• Problem to work on
Would you please repeat, word for word, only the lines from the one holding "図形の中に番号を振ったりと、" through the one holding "Mexen Elias žulový" in the material below, without the pictures?

• Dataset extract
= = = =

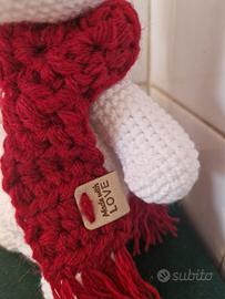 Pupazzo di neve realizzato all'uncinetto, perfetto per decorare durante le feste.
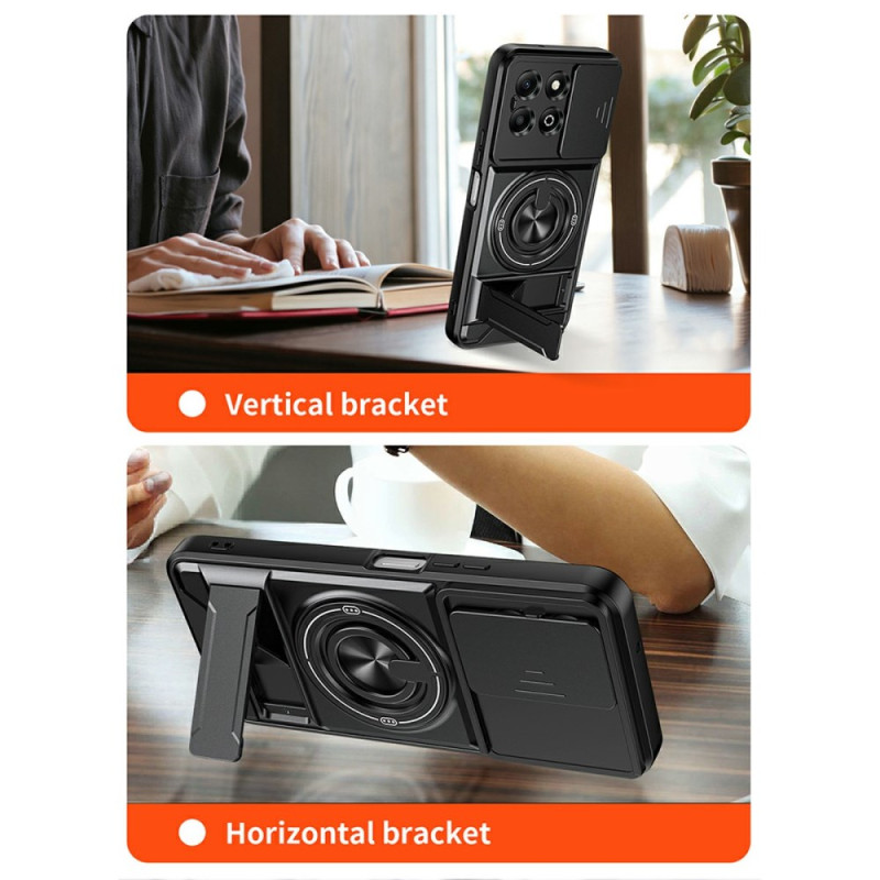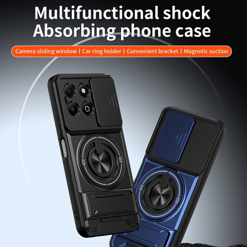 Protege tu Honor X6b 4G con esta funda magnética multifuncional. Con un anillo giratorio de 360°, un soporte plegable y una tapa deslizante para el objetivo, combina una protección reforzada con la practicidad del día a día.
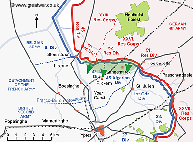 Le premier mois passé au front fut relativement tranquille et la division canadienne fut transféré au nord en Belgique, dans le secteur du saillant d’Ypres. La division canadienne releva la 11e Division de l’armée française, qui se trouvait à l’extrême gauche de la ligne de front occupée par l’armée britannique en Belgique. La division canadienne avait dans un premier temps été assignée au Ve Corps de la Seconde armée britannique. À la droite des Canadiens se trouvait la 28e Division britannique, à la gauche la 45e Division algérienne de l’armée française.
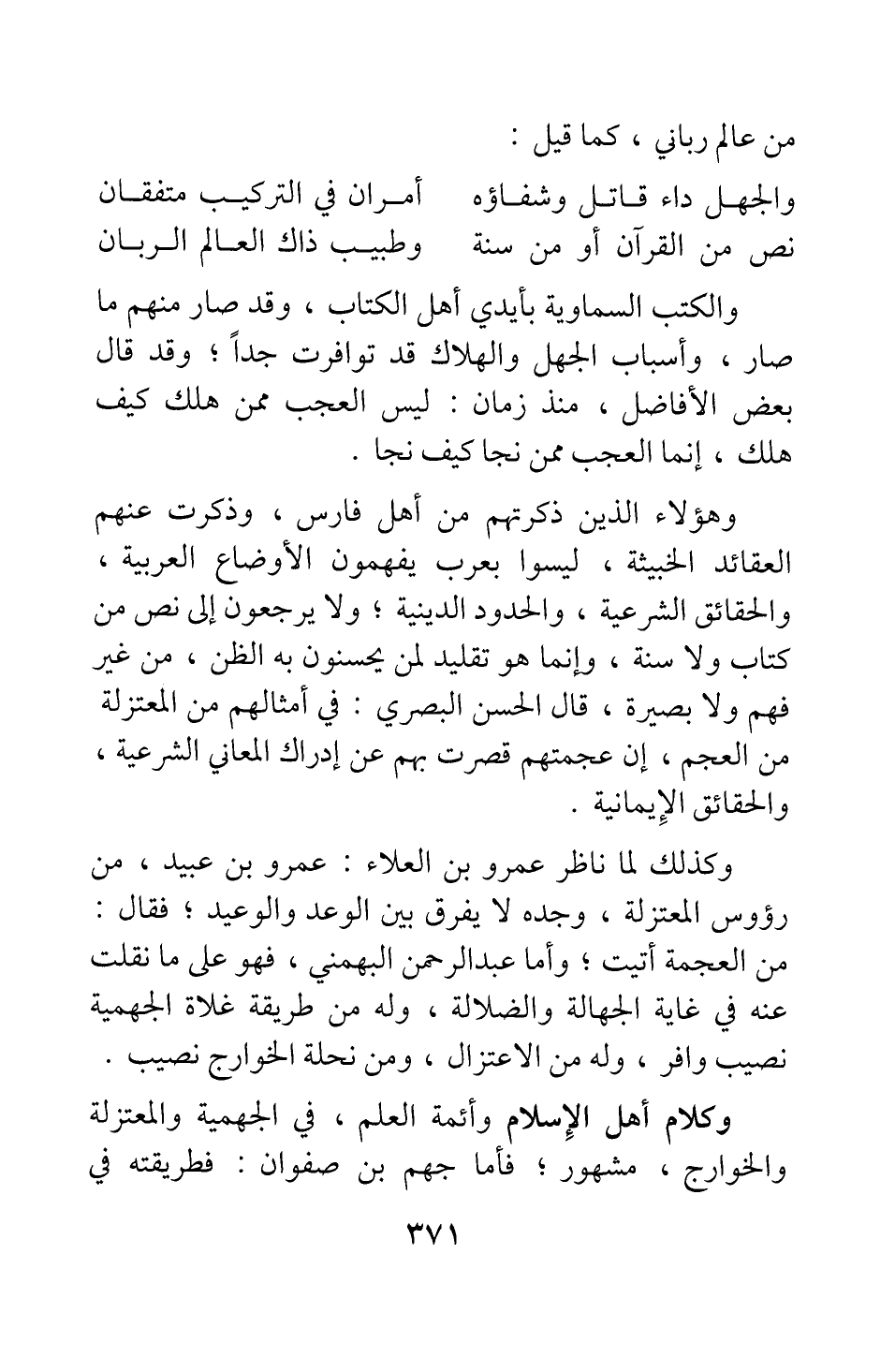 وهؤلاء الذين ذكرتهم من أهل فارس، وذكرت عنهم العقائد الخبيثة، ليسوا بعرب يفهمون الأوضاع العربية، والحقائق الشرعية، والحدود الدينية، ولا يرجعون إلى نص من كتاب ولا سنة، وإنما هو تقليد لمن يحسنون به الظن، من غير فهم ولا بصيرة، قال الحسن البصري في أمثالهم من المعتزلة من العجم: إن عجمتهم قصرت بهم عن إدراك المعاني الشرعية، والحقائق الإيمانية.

= = = =

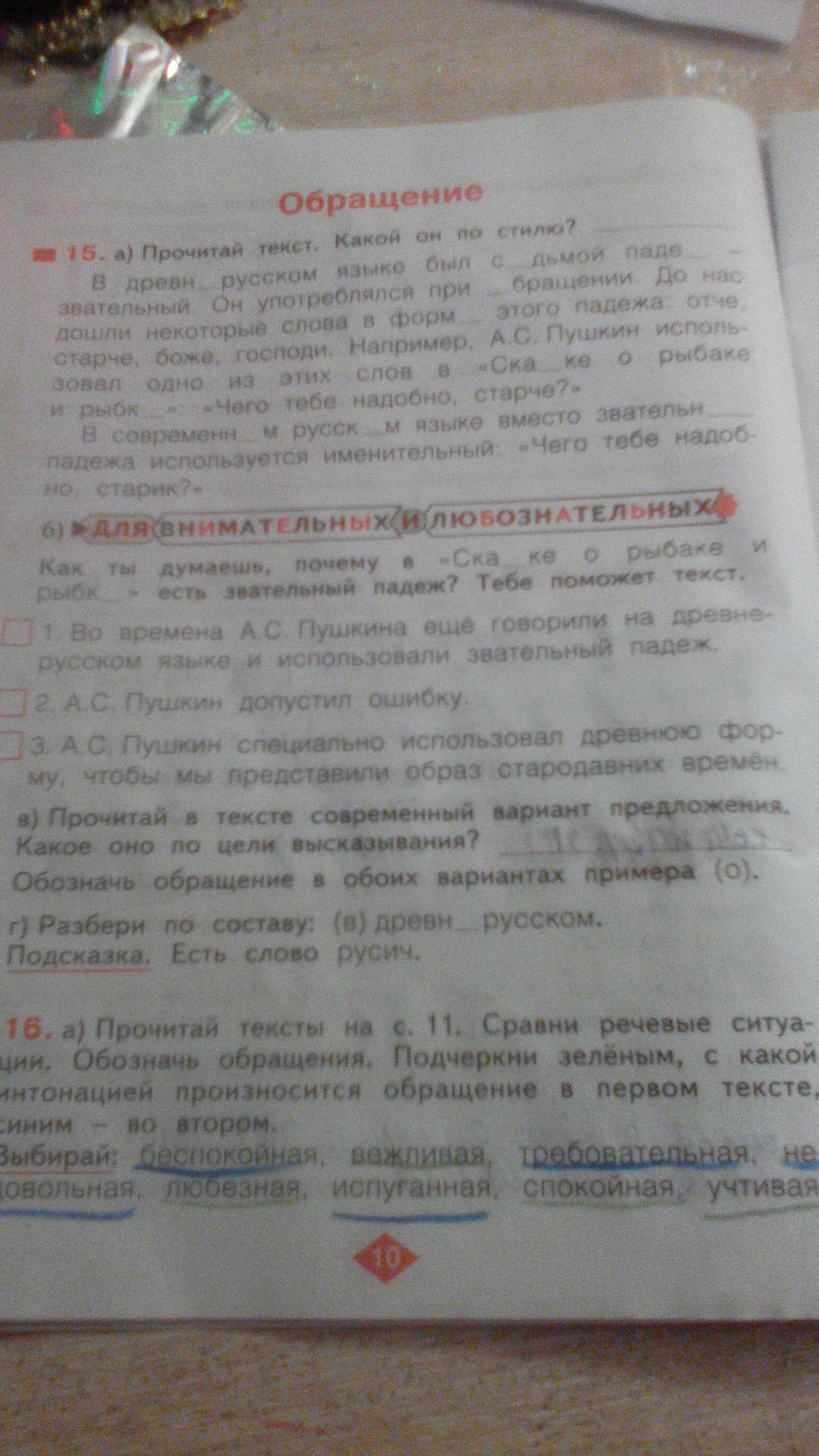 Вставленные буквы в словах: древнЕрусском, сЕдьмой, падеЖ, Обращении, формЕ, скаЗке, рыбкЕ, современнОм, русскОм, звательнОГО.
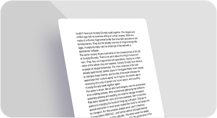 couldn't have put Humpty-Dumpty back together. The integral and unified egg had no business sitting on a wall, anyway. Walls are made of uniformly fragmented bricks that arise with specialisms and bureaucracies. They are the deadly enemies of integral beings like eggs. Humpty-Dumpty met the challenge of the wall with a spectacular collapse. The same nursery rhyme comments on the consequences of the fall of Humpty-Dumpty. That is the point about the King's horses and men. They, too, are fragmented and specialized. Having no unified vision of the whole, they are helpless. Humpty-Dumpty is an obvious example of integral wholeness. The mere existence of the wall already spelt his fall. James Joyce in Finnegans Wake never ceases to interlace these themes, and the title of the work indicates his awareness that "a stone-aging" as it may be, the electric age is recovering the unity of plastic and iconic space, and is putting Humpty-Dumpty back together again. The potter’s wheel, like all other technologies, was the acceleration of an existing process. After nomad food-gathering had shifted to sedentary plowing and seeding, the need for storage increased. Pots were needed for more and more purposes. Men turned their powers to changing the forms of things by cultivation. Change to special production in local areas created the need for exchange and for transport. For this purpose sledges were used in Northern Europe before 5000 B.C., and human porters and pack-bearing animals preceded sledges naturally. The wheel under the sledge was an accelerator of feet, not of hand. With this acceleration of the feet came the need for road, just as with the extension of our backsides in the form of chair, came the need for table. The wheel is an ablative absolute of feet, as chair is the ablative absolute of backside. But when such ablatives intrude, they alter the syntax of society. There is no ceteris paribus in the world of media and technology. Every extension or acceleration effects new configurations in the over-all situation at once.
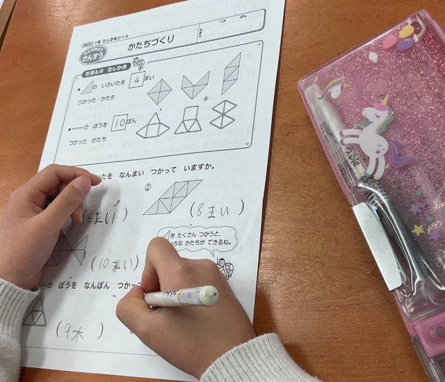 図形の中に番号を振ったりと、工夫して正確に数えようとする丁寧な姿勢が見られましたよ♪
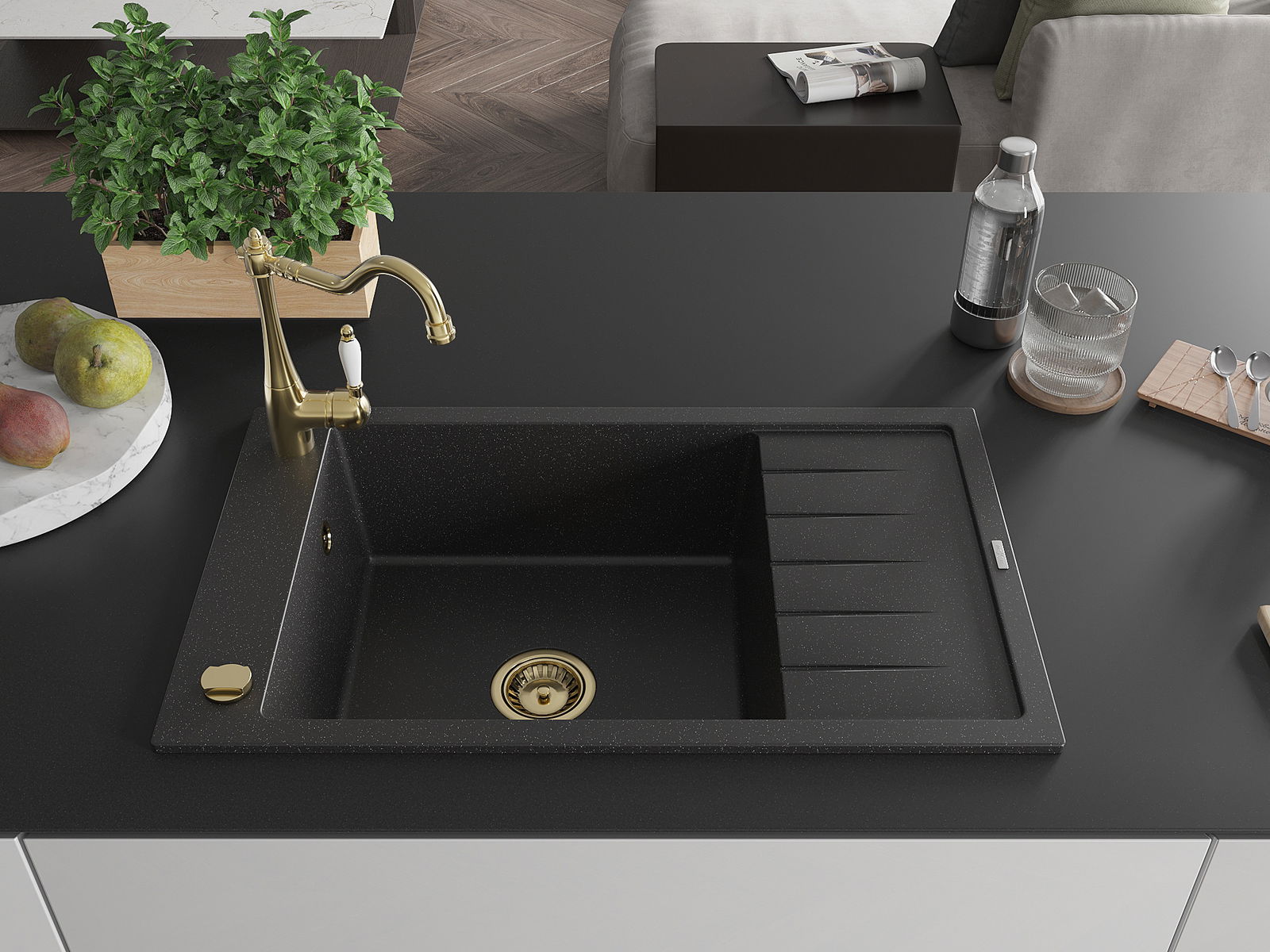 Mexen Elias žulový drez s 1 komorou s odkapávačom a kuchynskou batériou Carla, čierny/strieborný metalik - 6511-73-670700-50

= = = =

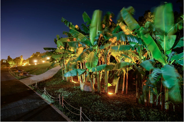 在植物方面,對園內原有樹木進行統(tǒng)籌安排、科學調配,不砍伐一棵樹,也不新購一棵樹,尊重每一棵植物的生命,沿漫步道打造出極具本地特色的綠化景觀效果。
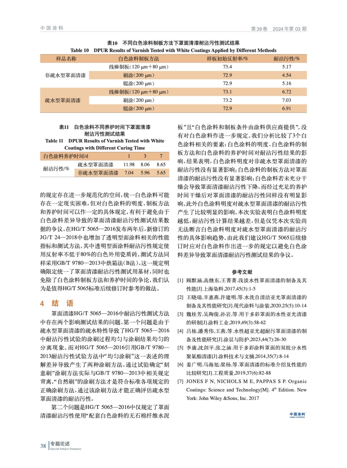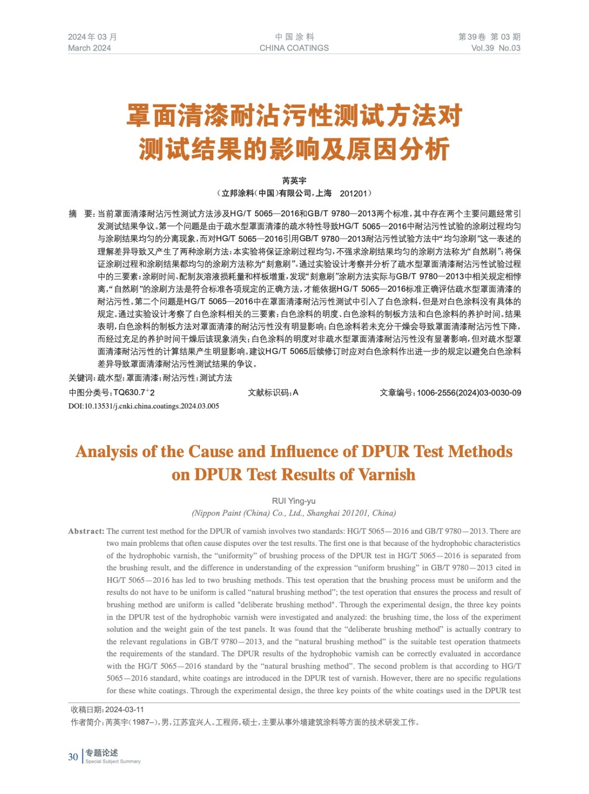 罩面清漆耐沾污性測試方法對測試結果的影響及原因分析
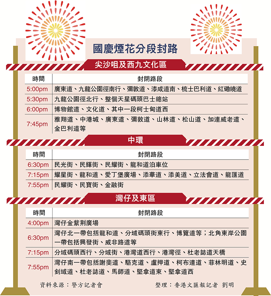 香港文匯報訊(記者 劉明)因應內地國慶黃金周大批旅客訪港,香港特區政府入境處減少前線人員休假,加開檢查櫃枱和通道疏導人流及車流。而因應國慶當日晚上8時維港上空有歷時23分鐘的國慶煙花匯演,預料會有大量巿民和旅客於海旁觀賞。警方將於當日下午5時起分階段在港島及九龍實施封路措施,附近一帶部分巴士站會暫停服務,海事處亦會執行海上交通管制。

= = = =

• Solution to this problem
 図形の中に番号を振ったりと、工夫して正確に数えようとする丁寧な姿勢が見られましたよ♪
 Mexen Elias žulový drez s 1 komorou s odkapávačom a kuchynskou batériou Carla, čierny/strieborný metalik - 6511-73-670700-50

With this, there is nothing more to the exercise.